EXERCISE DESCRIPTION> Your output should be the exact lines from the start of the data through the line containing "Bedroom 3: 1st", with no pictures.

RECORDS PROVIDED>
_ _ _ _ _

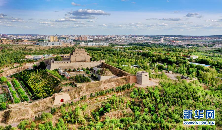 5月24日拍攝的樹林環(huán)繞的榆林市鎮(zhèn)北臺(無人機(jī)照片)。  2017年4月起,地處毛烏素沙漠南緣的陜西省榆林市開展主城區(qū)百萬畝生態(tài)圈及環(huán)城防護(hù)林帶建設(shè),對荒山荒地荒沙、撂荒地、不宜耕作土地、閑置土地進(jìn)行造林綠化,對低效林地進(jìn)行提升改造。2019年11月,榆林市被授予“國家森林城市”稱號。昔日區(qū)域內(nèi)的裸露土地全面綠化,城市及周圍處處綠樹成蔭,呈現(xiàn)出一派“塞上森林城”的美景。  新華社記者陶明攝
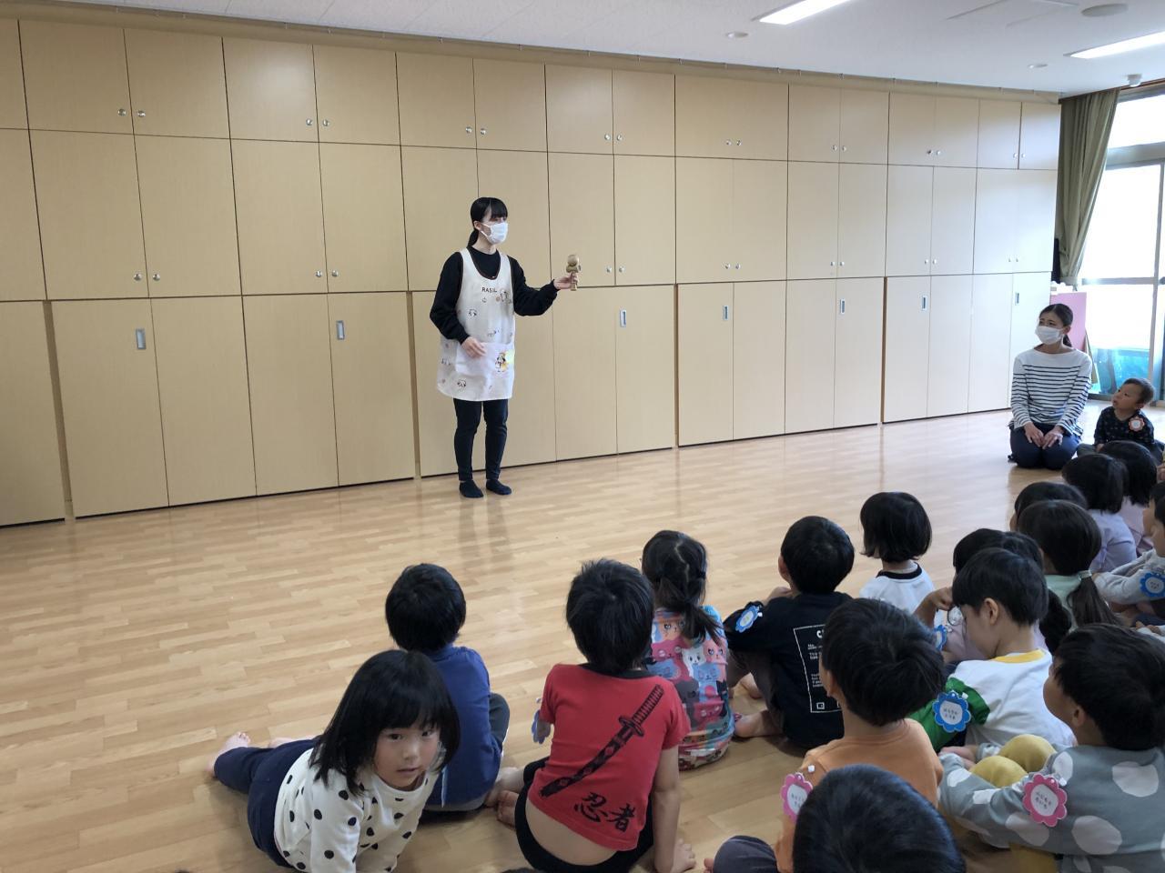 保育士の紹介では特技を披露してくれました!けん玉やスケッチブックシアターをしてくれたりし、子どもたちも楽しんで見ていました!
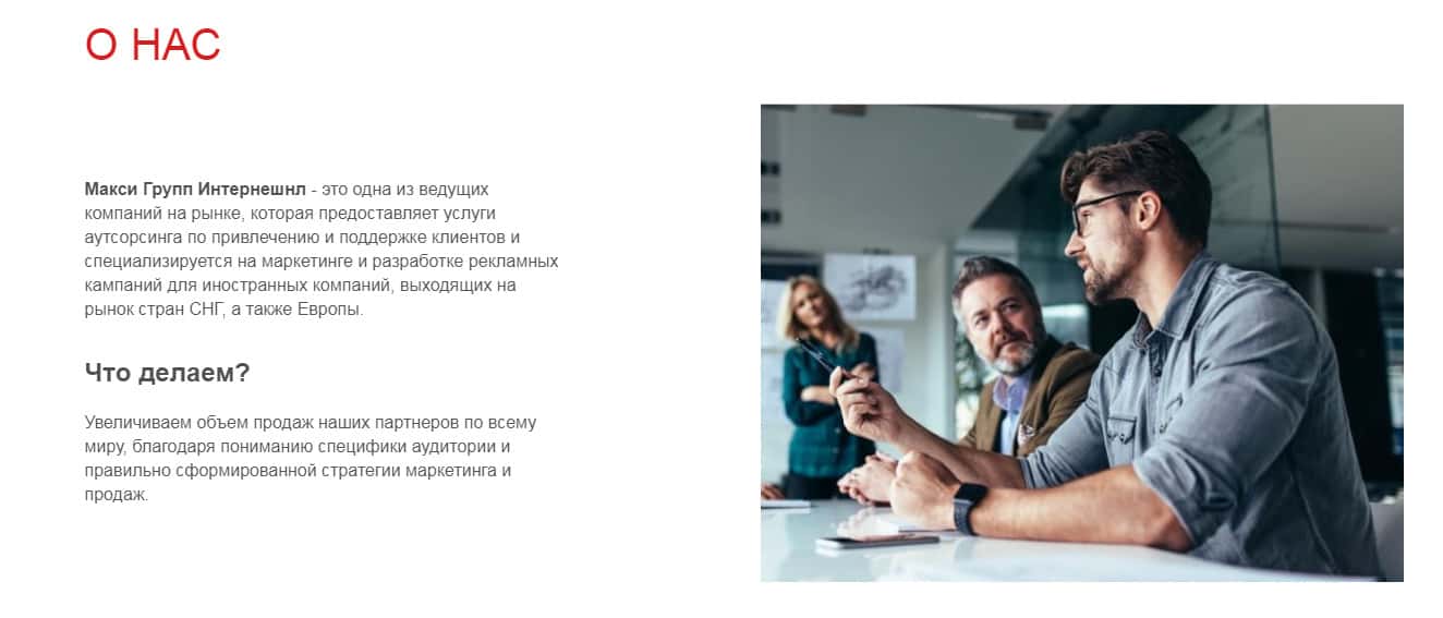О лицензии аферисты Макси Группс (Макси Маркетс) не упоминают, что рассчитано на расположение наивных пользователей, которые не будут вдаваться в детали мошеннической деятельности. Шулера Макси Группс (Макси Маркетс) ничем не подкрепляют свои данные, кроме раздела о нас, что вы можете увидеть на изображении ниже.
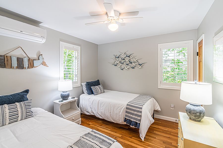 Bedroom 3: 1st Level, 2 Singles, ceiling fan, A/C, shares hall bath
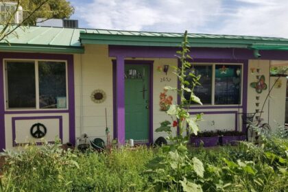 This is the front of Don’s PC homestead, which he painted white with purple trim accents – to help reduce heat absorption and attract pollinators with bright colors. He also replace with roof with metal so the rainwater collection wouldn’t be contaminated by chemicals in asphalt shingles.
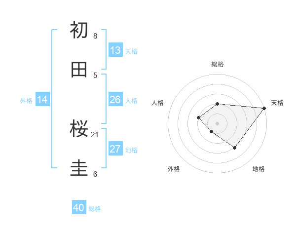 初田 桜圭さんを姓名の画数から五運を鑑定
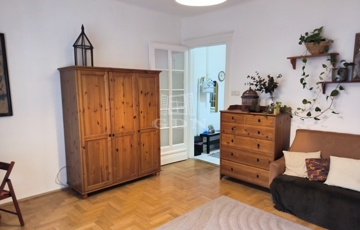 Az Amerikai út közelében eladó egy jó állapotú másfélszobás földszinti kertkapcsolatos lakás egy egy emeletes házban.
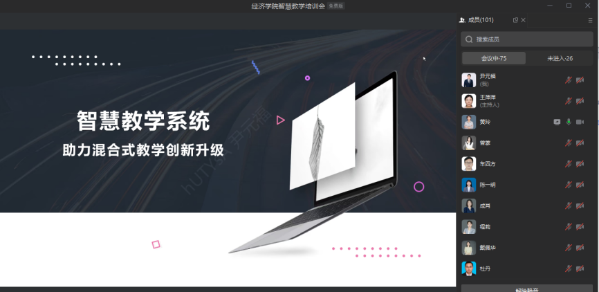 助力混合式教学创新升级》的主题培训。她从创建课程、资源添加、学生管理以及教师督学等方面对智慧教学系统进行深入浅出地讲解。参会老师就智慧教学系统的应用展开探讨,对教学技术、教学手段以及课堂内容衔接进行细致地打磨。
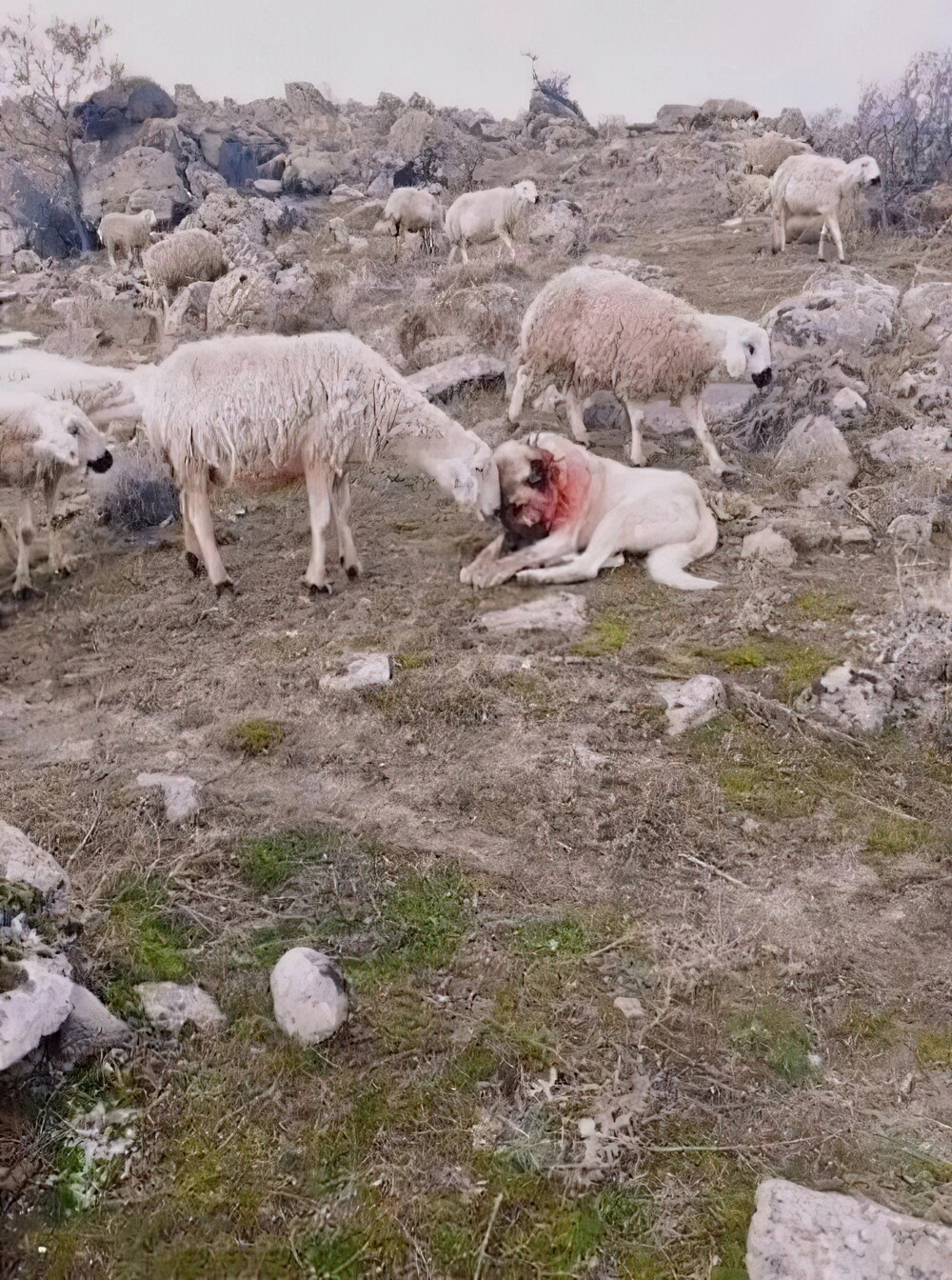 9. Овца утешает собаку после того, как та защитила овечье стадо от нападения волка
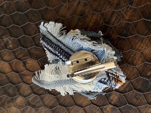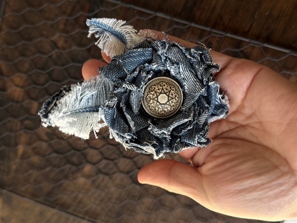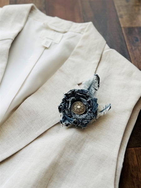 カジュアルだけどエレガントなデニムスタイルに、カチッとしすぎないジャケットスタイルに付けたいデニムコサージュ。
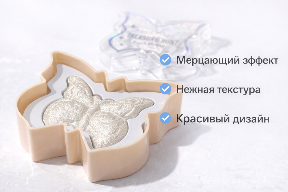 Сияющий хайлайтер для лица в форме бабочки, оттенок 01 Белый
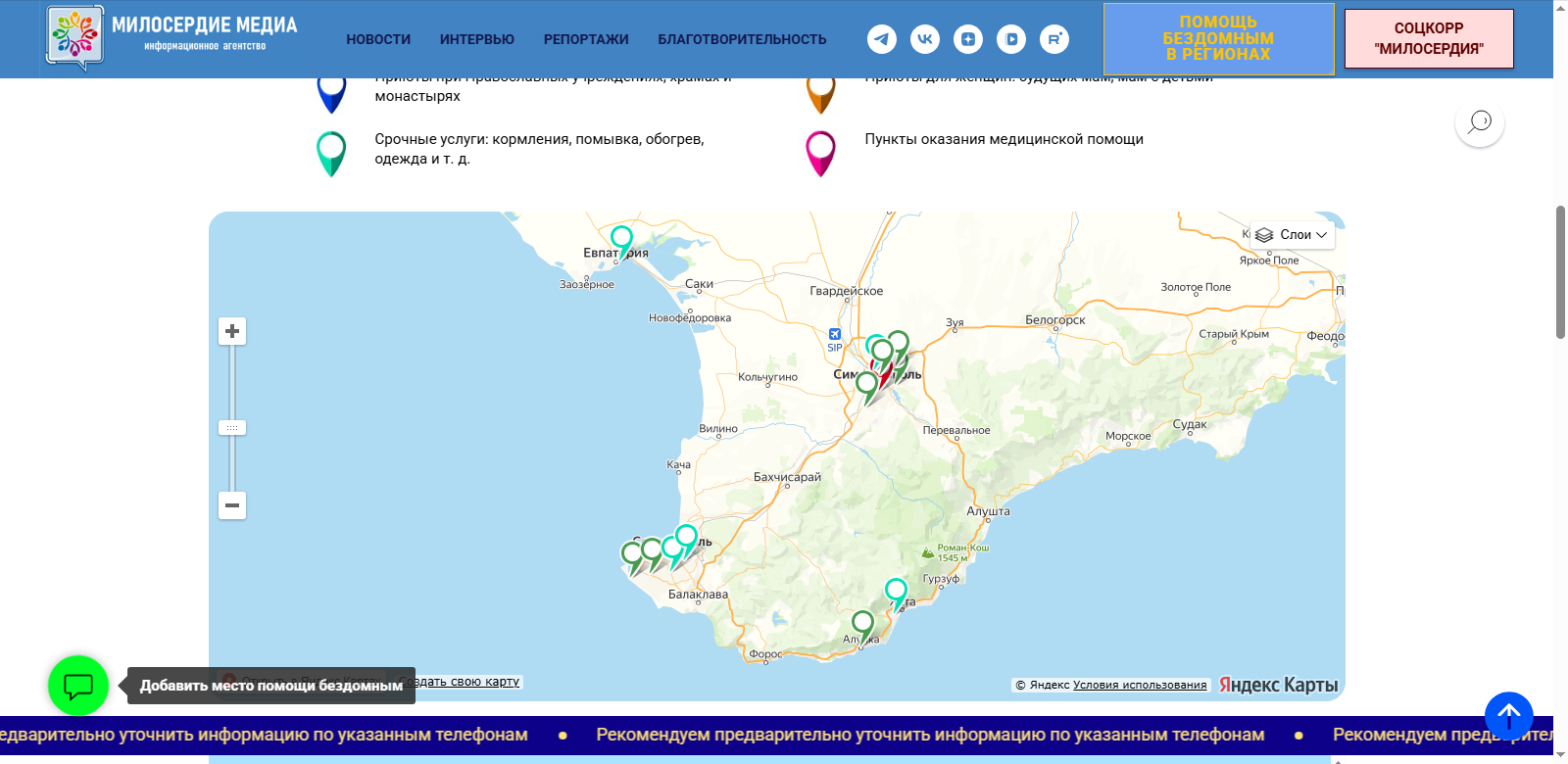 - Актуальные контактные данные организаций, оказывающих помощь бездомным на территории Крыма. Это государственные и некоммерческие организации, а также приюты для семей с детьми. Все учреждения обозначены на карте с указанием точных адресов и номеров телефонов (см. карту, кликайте на точку, чтобы посмотреть контактные данные).

_ _ _ _ _

REPLY>
 5月24日拍攝的樹林環(huán)繞的榆林市鎮(zhèn)北臺(無人機(jī)照片)。  2017年4月起,地處毛烏素沙漠南緣的陜西省榆林市開展主城區(qū)百萬畝生態(tài)圈及環(huán)城防護(hù)林帶建設(shè),對荒山荒地荒沙、撂荒地、不宜耕作土地、閑置土地進(jìn)行造林綠化,對低效林地進(jìn)行提升改造。2019年11月,榆林市被授予“國家森林城市”稱號。昔日區(qū)域內(nèi)的裸露土地全面綠化,城市及周圍處處綠樹成蔭,呈現(xiàn)出一派“塞上森林城”的美景。  新華社記者陶明攝
 保育士の紹介では特技を披露してくれました!けん玉やスケッチブックシアターをしてくれたりし、子どもたちも楽しんで見ていました!
О лицензии аферисты Макси Группс (Макси Маркетс) не упоминают, что рассчитано на расположение наивных пользователей, которые не будут вдаваться в детали мошеннической деятельности. Шулера Макси Группс (Макси Маркетс) ничем не подкрепляют свои данные, кроме раздела о нас, что вы можете увидеть на изображении ниже.
 Bedroom 3: 1st Level, 2 Singles, ceiling fan, A/C, shares hall bath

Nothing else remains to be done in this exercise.